Copy the data exactly. Images are to be left out.

::: Data excerpt :::

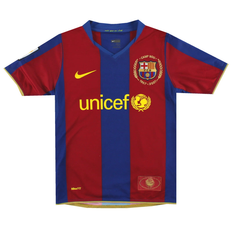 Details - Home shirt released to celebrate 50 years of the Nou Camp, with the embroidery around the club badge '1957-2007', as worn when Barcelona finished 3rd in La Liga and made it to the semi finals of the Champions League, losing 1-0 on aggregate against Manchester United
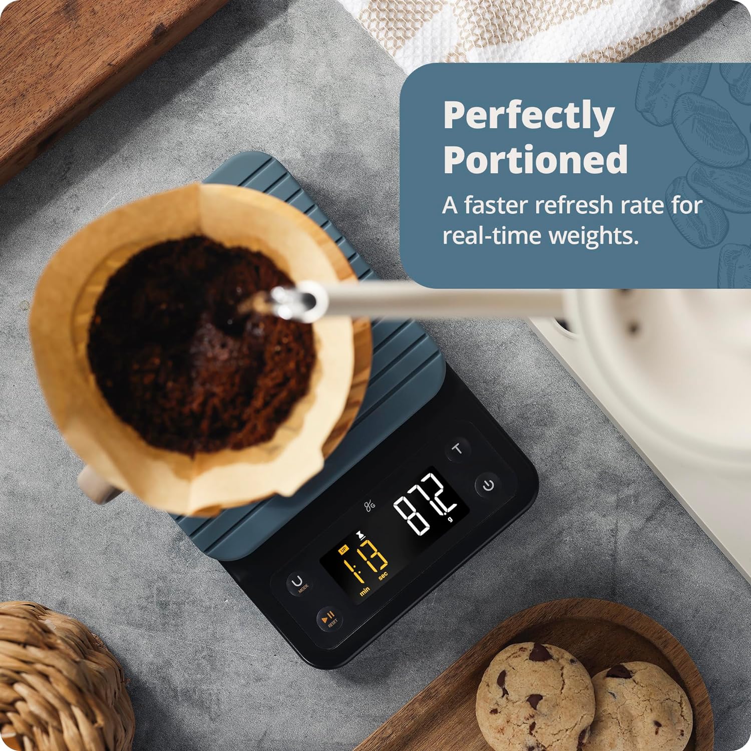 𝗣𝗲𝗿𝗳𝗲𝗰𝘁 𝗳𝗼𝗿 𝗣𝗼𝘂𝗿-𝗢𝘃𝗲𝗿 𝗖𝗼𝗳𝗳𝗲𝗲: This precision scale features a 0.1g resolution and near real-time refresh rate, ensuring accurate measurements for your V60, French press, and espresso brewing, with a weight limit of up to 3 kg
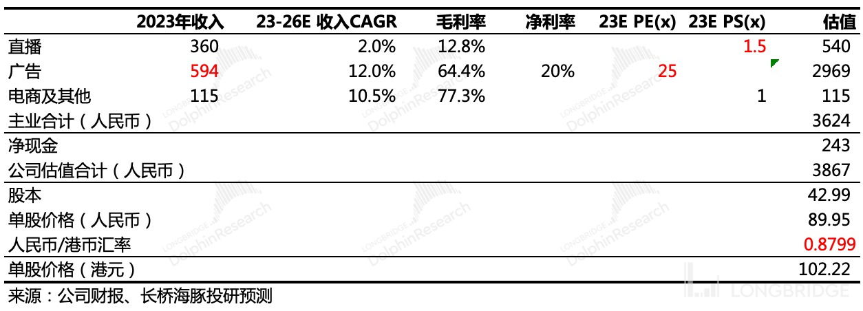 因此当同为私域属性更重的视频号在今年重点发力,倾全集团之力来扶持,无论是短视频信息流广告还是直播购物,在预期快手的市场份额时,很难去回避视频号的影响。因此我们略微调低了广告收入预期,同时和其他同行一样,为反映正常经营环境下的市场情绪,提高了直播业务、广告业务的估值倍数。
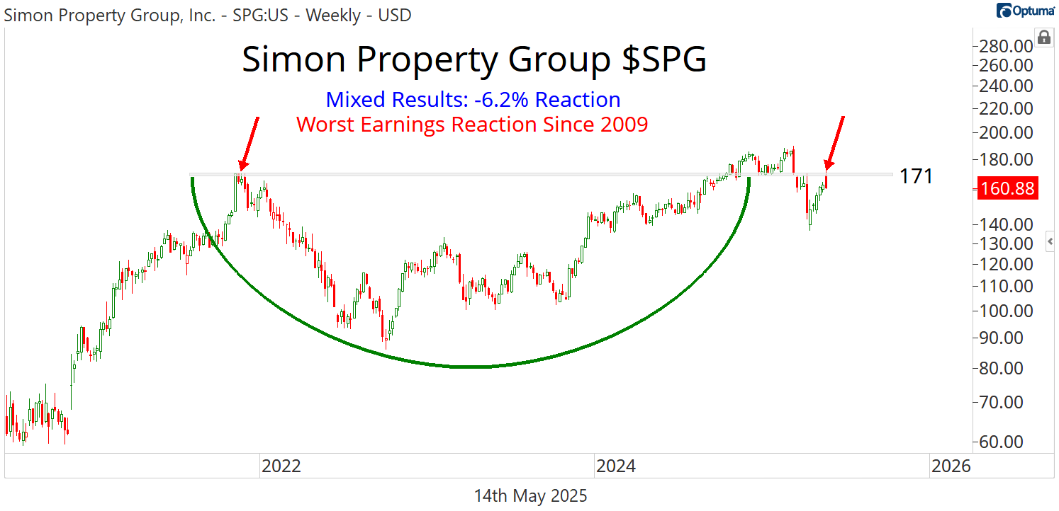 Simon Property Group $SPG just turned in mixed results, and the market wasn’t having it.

:::

◆ Exercise result
 Details - Home shirt released to celebrate 50 years of the Nou Camp, with the embroidery around the club badge '1957-2007', as worn when Barcelona finished 3rd in La Liga and made it to the semi finals of the Champions League, losing 1-0 on aggregate against Manchester United
 𝗣𝗲𝗿𝗳𝗲𝗰𝘁 𝗳𝗼𝗿 𝗣𝗼𝘂𝗿-𝗢𝘃𝗲𝗿 𝗖𝗼𝗳𝗳𝗲𝗲: This precision scale features a 0.1g resolution and near real-time refresh rate, ensuring accurate measurements for your V60, French press, and espresso brewing, with a weight limit of up to 3 kg
 因此当同为私域属性更重的视频号在今年重点发力,倾全集团之力来扶持,无论是短视频信息流广告还是直播购物,在预期快手的市场份额时,很难去回避视频号的影响。因此我们略微调低了广告收入预期,同时和其他同行一样,为反映正常经营环境下的市场情绪,提高了直播业务、广告业务的估值倍数。
 Simon Property Group $SPG just turned in mixed results, and the market wasn’t having it.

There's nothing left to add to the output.